::: Source records

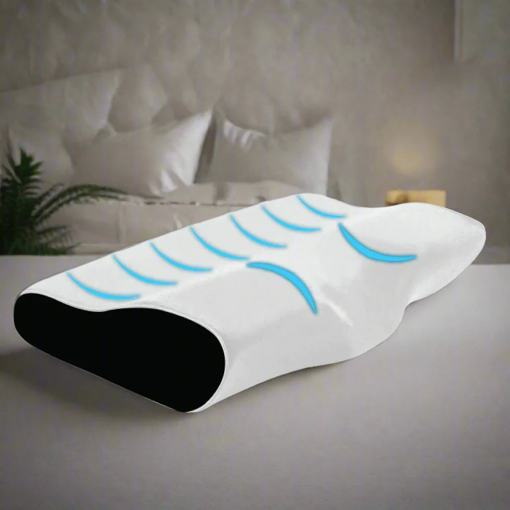 The innovative contoured, cervical, design and memory foam cradles the natural curvature of your neck, provides incredible support for spine alignment, and is guaranteed to never have you waking up with any shoulder, back, spine, nor neck pain again!
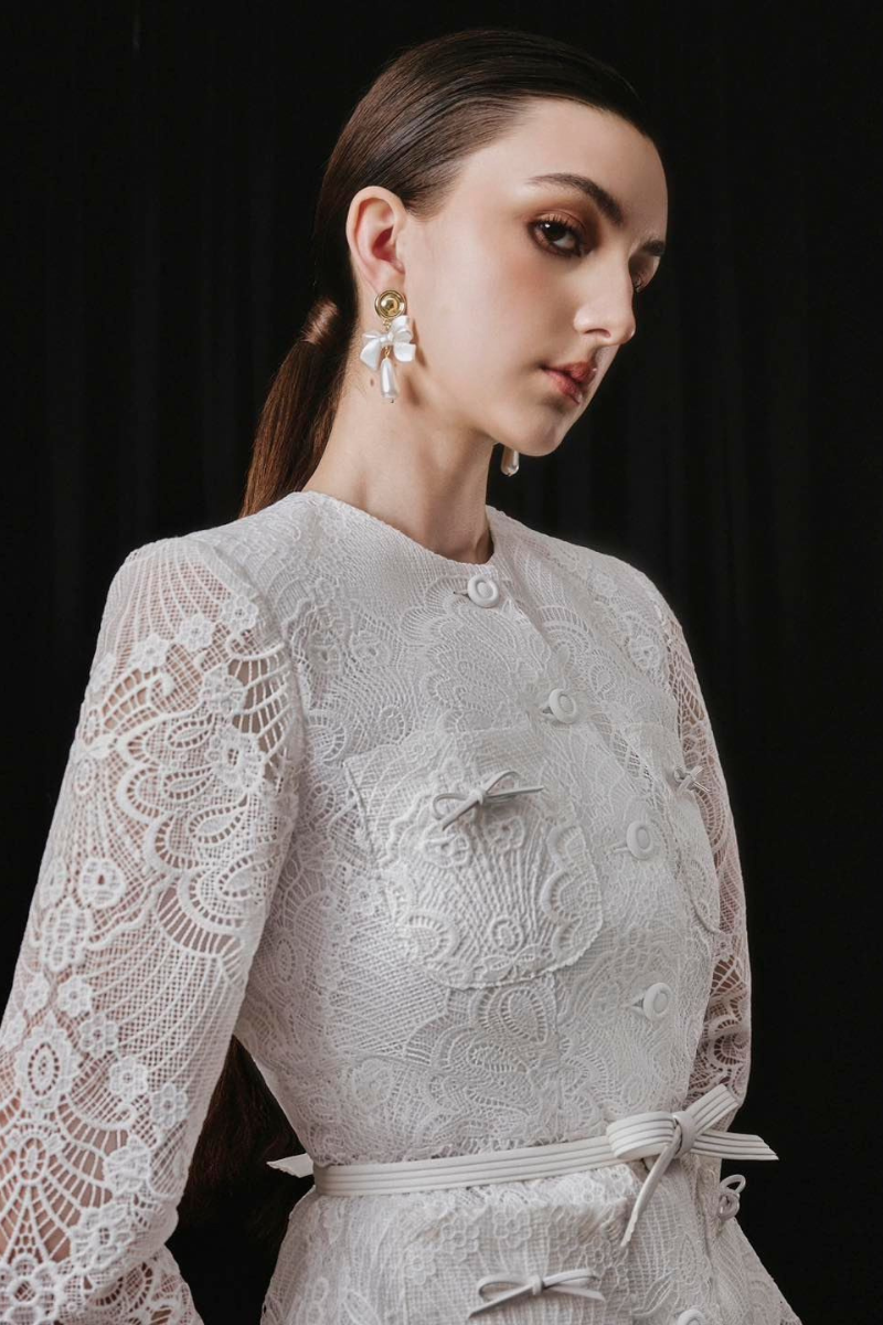 - Veste en dentelle ivoire avec des bords festonnés délicats et des manches longues transparentes
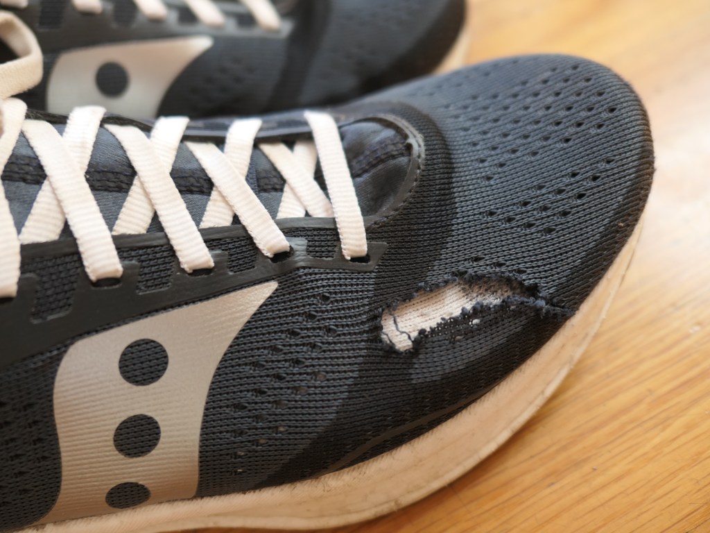 Because of my straight feet, I have to cut the uppers of some shoes–yes, even $$$ Saucony Endorphin Pros. Ouch!
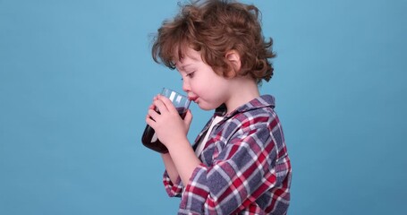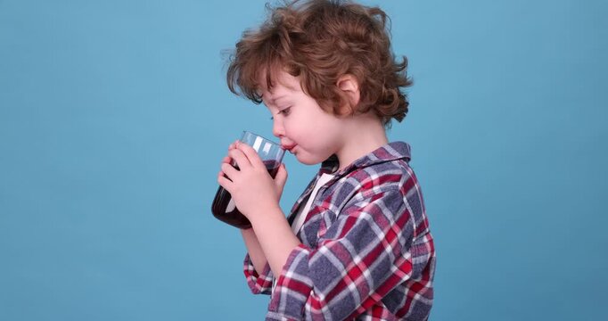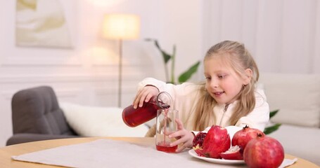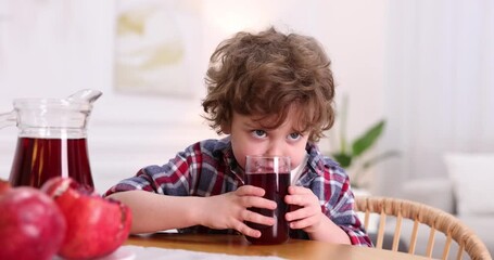 Little boy drinking fresh pomegranate juice at table indoors. Space for text
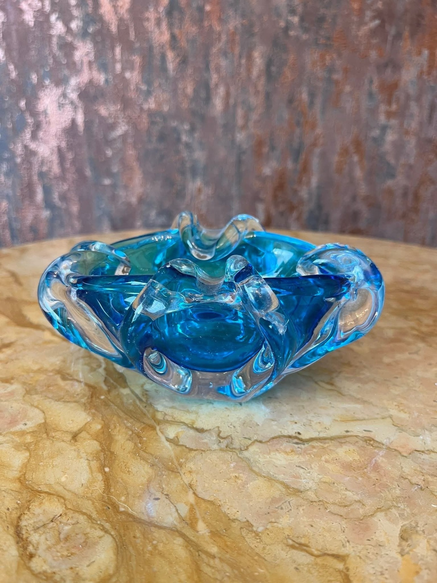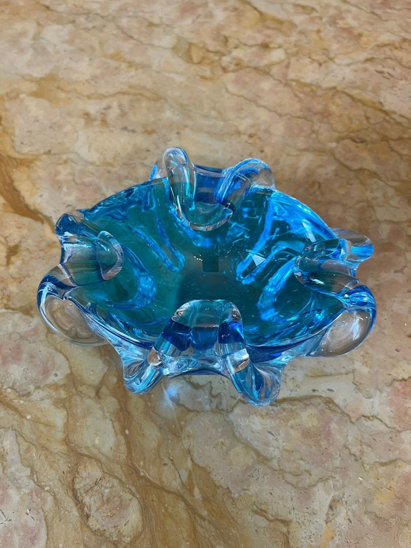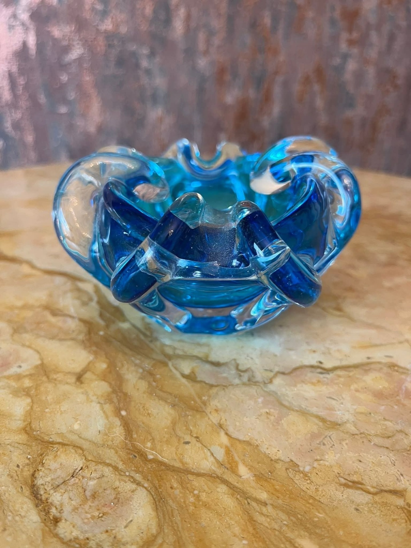 Scrumiera l decorativa din sticlă Murano-style, albastru intens
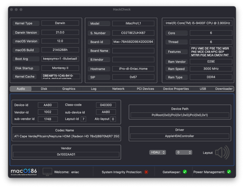 9. Con alcid definisci quale è il canale che vuoi usare per la tua scheda audio definita in deviceproperties, di solito si usa 1 o 7 ma possono essercene diversi altri . Per quanto riguarda l'errore che hai con OCcompare non so aiutarti io uso solo il validate, magari qualcuno più esperto potrà illuminarti 🙂 A meno che tu non stia usando una versione di OCcompare non relativa alla versione di OC
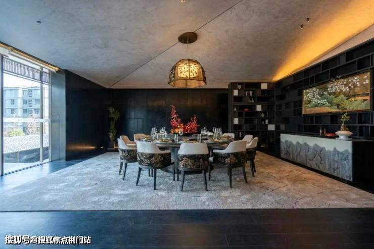 大门跨度达50米,本项目并未一味追求宏大规模,反而倾心于内敛的奢华风格。入口处墙面精心选用了亚马逊黑奢石,其色泽深沉而富有层次,纹理别具一格,彰显出一种沉静与尊贵的气质。
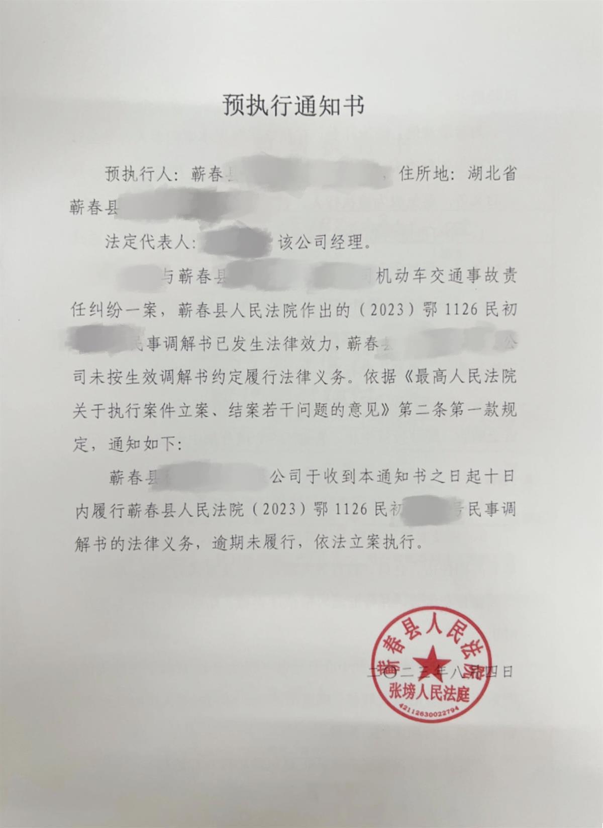 案件即将进入强制执行环节,法院送达《预执行通知书》,“点醒”被执行人,促其主动赔钱。近日,湖北省黄冈市蕲春县人民法院通过“失信惩戒预告知”机制,引导企业积极履行法律义务,既兑现了申请人的胜诉权益,又保障了企业的正常经营。
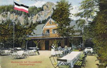 Beim "Rabenvater", dem urwüchsigen Wirte Ehrenfried Brauner, hatte der Dichter schon im Jahre zuvor des öfteren Einkehr gehalten. Hier scheint er auch die ersten Anregungen zum "Quitt" empfangen zu haben. Die nahe Försterei, die Erzählungen der Wirtsleute und der Hauptgäste, der Holzfäller, Fuhrleute und Gebirgsführer, mögen den Wunsch verstärkt haben, den Förstermord vom Jahre 1877 dichterisch zu verarbeiten. Gleich daneben "Mariensruh", auch hier stand später das "Breslauer Kinderheim". Die Wirtin, Fräulein. Wollmann, hatte ihr Lokal zu einem Treffpunkt der Feinschmecker gemacht und Fontane wusste das zu schätzen.
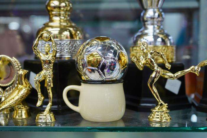 4月21日,商家陈列的足球类奖杯配件。2026年美加墨世界杯临近,义乌市场相关产品订单持续增长。中新社记者董易鑫摄
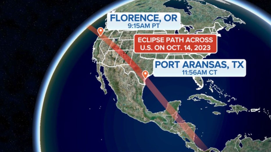 FILE - The path of the annular eclipse on Oct. 14, 2023. (FOX Weather)
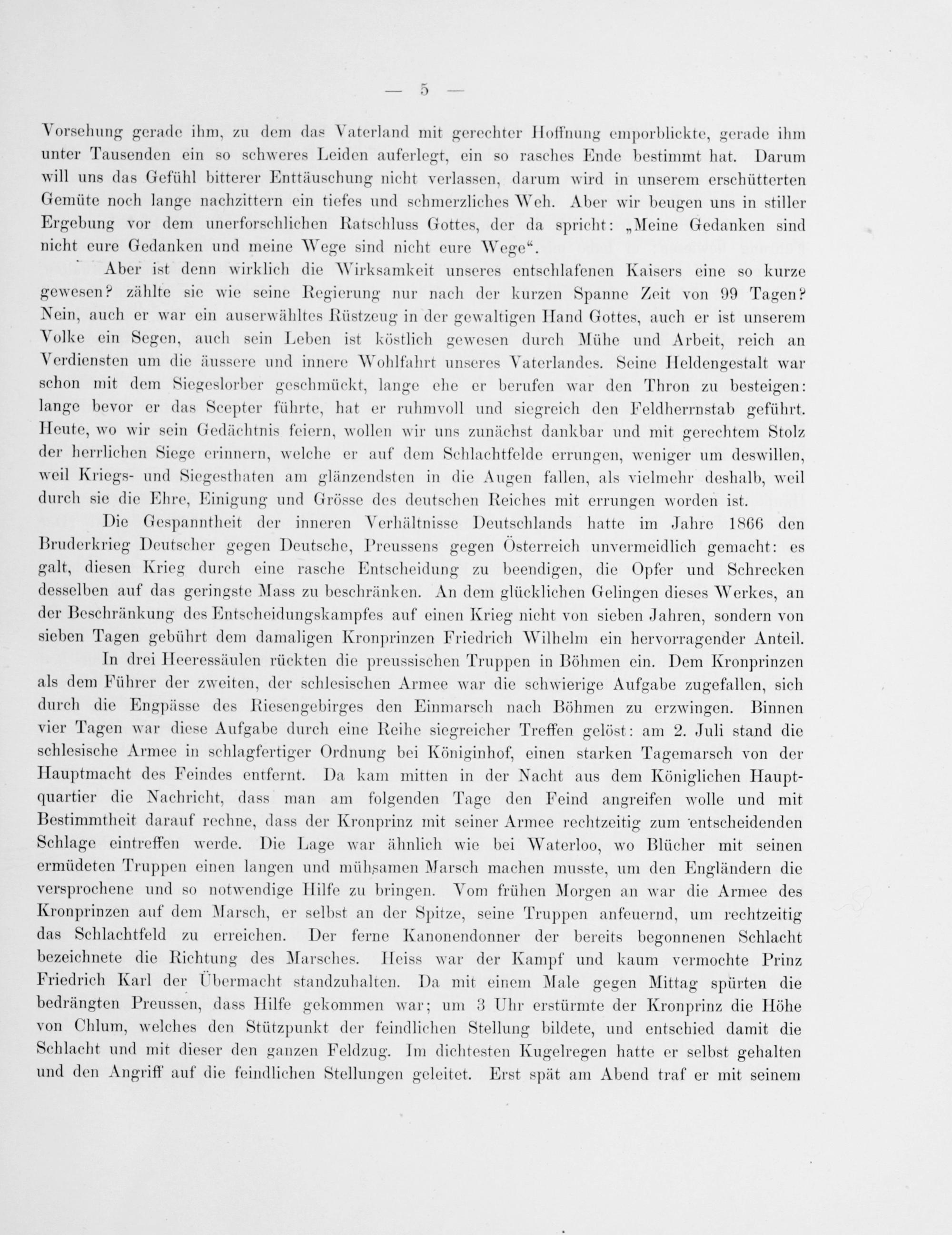 Aber ist denn wirklich die Wirksamkeit unseres entschlafenen Kaisers eine so kurze gewesen? zählte sie wie seine Regierung nur nach der kurzen Spanne Zeit von 99 Tagen? Nein, auch er war ein auserwähltes Rüstzeug in der gewaltigen Hand Gottes, auch er ist unserem Volke ein Segen, auch sein Leben ist köstlich gewesen durch Mühe und Arbeit, reich an Verdiensten um die äussere und innere Wohlfahrt unseres Vaterlandes. Seine Heldengestalt war schon mit dem Siegeslorber geschmückt, lange che er berufen war den Thron zu besteigen: lange bevor er das Scepter führte, hat er ruhmvoll und siegreich den Feldherrnstab geführt. Heute, wo wir sein Gedächtnis feiern, wollen wir uns zunächst dankbar und mit gerechtem Stols der herrlichen Siege crinnern, welche er auf dem Schlachtfelde errungen, weniger um deswillen, weil Kriegs- und Siegesthaten am glänzendsten in die Augen fallen, als vielmehr deshalb, weil durch sie die Ehre, Einigung und Grösse des deutschen Reiches mit errungen worden ist.
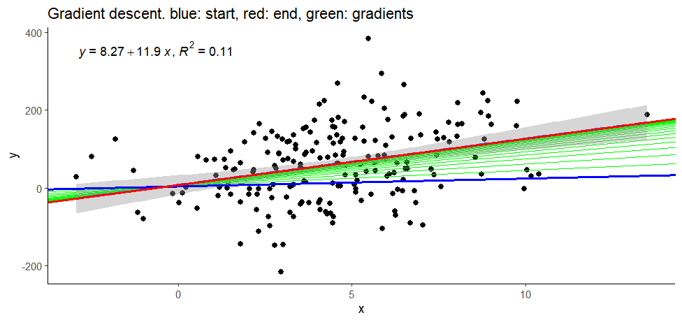 + labs(title = 'Gradient descent. blue: start, red: end, green: gradients')
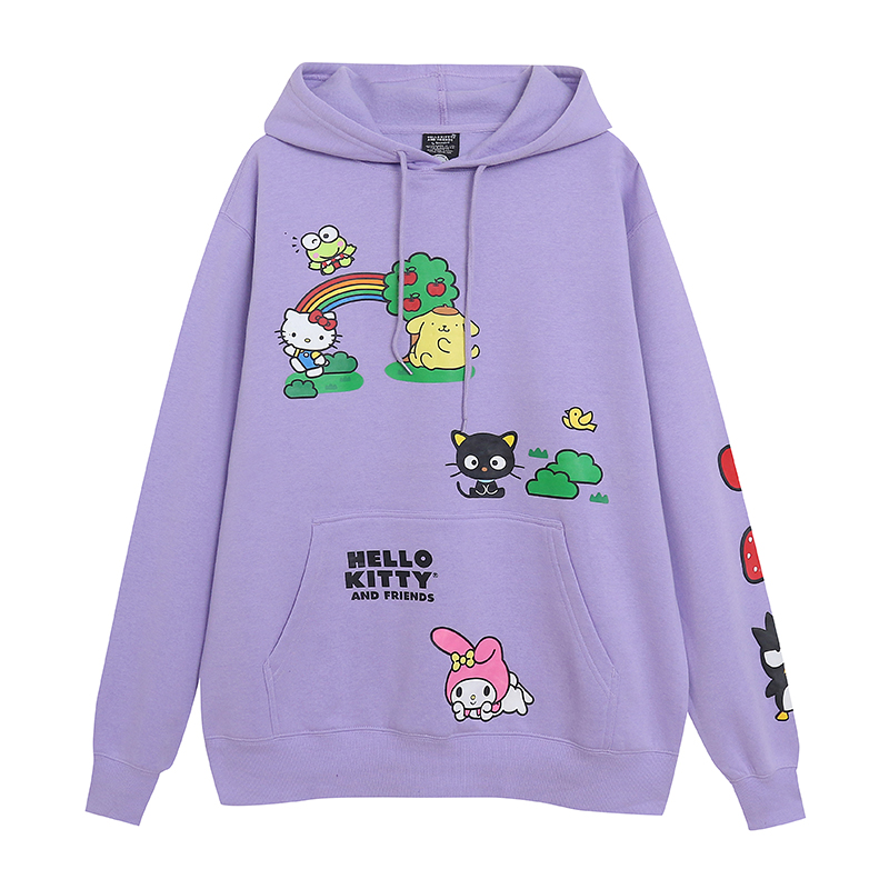 春秋季卡通動漫印花連帽套頭衛衣女大碼薄絨寬松減齡口袋帽衫
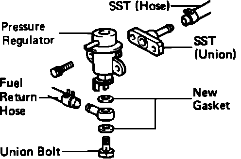 3. Attach the Fuel Pressure Regulator to the vehicle fuel return line with SST.

::::::

About this task: Copy out exactly the lines above beginning with the line that contains "das zu schätzen." and finishing with the line that contains "FILE - The path", including both; leave the pictures out.

Answer area:
 Beim "Rabenvater", dem urwüchsigen Wirte Ehrenfried Brauner, hatte der Dichter schon im Jahre zuvor des öfteren Einkehr gehalten. Hier scheint er auch die ersten Anregungen zum "Quitt" empfangen zu haben. Die nahe Försterei, die Erzählungen der Wirtsleute und der Hauptgäste, der Holzfäller, Fuhrleute und Gebirgsführer, mögen den Wunsch verstärkt haben, den Förstermord vom Jahre 1877 dichterisch zu verarbeiten. Gleich daneben "Mariensruh", auch hier stand später das "Breslauer Kinderheim". Die Wirtin, Fräulein. Wollmann, hatte ihr Lokal zu einem Treffpunkt der Feinschmecker gemacht und Fontane wusste das zu schätzen.
 4月21日,商家陈列的足球类奖杯配件。2026年美加墨世界杯临近,义乌市场相关产品订单持续增长。中新社记者董易鑫摄
 FILE - The path of the annular eclipse on Oct. 14, 2023. (FOX Weather)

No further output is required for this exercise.